Subscribe to the Bombay Chartered Accountant Journal Subscribe Now!

September 2011

International Commercial Arbitration — Jurisdiction of Indian Court — Arbitration and Conciliation Act 1996 section 9.

By Dr. K. Shivaram, Ajay R. Singh, Advocates
Reading Time 4 mins
fiogf49gjkf0d
[ Videocon Indus. Ltd. v. UOI, AIR 2011 SC 2040]

A production sharing contract was executed between the 5 parties in regards to exploration of natural resources. As per the contract, the seat of arbitration was Kuala Lumpur (Malaysia). In 2000, disputes arose between the respondents and the contractor with respect to correctness of certain cost recoveries and profit. Since the parties could not resolve their disputes amicably, the same were referred to the Arbitral Tribunal as per the contract. The Arbitral Tribunal fixed the date of hearing at Kuala Lumpur (Malaysia), but due to outbreak of epidemic SARS, the Arbitral Tribunal shifted the venue of its sittings to Amsterdam in the first instance and, thereafter to London where on 31-3-2005 partial award was passed. The respondent No. 1 (Govt. of India) challenged the partial award by filing a petition in the High Court of Malaysia at Kuala Lumpur. The appellant questioned the maintainability of the case before the High Court of Malaysia by contending that in view of the contract, only the English Courts have the jurisdiction to entertain any challenge to the award. At that stage, the respondents filed a petition u/s. 9 of the Arbitration and Conciliation Act, 1996 in the Delhi High Court for stay of the arbitral proceedings. The High Court held that it had jurisdiction to entertain the petition filed u/s. 9 of the Act. The said order was challenged before the Supreme Court.
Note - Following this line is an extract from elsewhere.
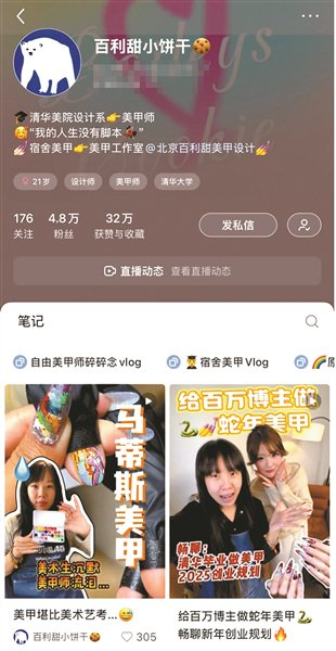 希希在开宿舍美甲店之前,专门在网上浏览了各大北京高校学生的美甲店账号。她发现清华美院毕业的“饼干”,最开始也是在宿舍帮人做美甲,后来慢慢做成了工作室。

The first issue which arose for consideration was whether Kuala Lumpur was the designated seat or juridical seat of arbitration and the same had been shifted to London. The issue was important as the procedure for the conduct of arbitral proceeding would depend upon the procedural law of the country where the seat of arbitration is seated. The Court observed that as per the terms of the contract entered into by five parties, the seat of arbitration was Kuala Lumpur, Malaysia. However, due to outbreak of epidemic SARS, the Arbitral Tribunal decided to hold its sittings first at Amsterdam and then at London and the parties did not object to this. In the proceedings held at London, the Arbitral Tribunal recorded the consent of the parties for shifting the juridical seat of arbitration to London. Whether this amounted to shifting of the physical or juridical seat of arbitration from Kuala Lumpur to London?

As per the terms of agreement, the seat of arbitration was Kuala Lumpur. If the parties wanted to amend clauses of the contract they could have done so only by written instrument which was required to be signed by all of them. Admittedly, neither any agreement was there between the parties to the contract to shift the juridical seat of arbitration from Kuala Lumpur to London, nor was any written instrument signed by them for amending clause of the contract. Therefore, the mere fact that the parties to the particular arbitration had agreed for shifting of the seat of arbitration to London cannot be interpreted as anything except physical change of the venue of arbitration from Kuala Lumpur to London. Under the English law the seat of arbitration means juridical seat of arbitration, which can be designated by the parties to the arbitration agreement or by any arbitral or other institution or person empowered by the parties to do so or by the Arbitral Tribunal, if so authorised by the parties. In contrast, there is no provision in the Act under which the Arbitral Tribunal could change the juridical seat of arbitration which, as per the agreement of the parties, was Kuala Lumpur. Therefore, mere change in the physical venue of the hearing from Kuala Lumpur to Amsterdam and London did not amount to change in the juridical seat of arbitration.

The next issue for consideration was whether the Delhi High Court could entertain the petition filed by the respondents u/s. 9 of the Act. It was held that once the parties had agreed to be governed by any law other than Indian law in cases of international commercial arbitration, then that law would prevail and the provisions of the Act cannot be invoked questioning the arbitration proceedings or the award. The parties had agreed that the arbitration shall be governed by the laws of England. This necessarily implies that the parties had agreed to exclude the provisions of Part I of the Act. It was held that the Delhi High Court did not have the jurisdiction to entertain the petition filed by the respondents u/s. 9 of the Act and the mere fact that the appellant had earlier filed similar petitions was not sufficient to clothe that the High Court had the jurisdiction to entertain the petition filed by the respondents. The appeal was allowed.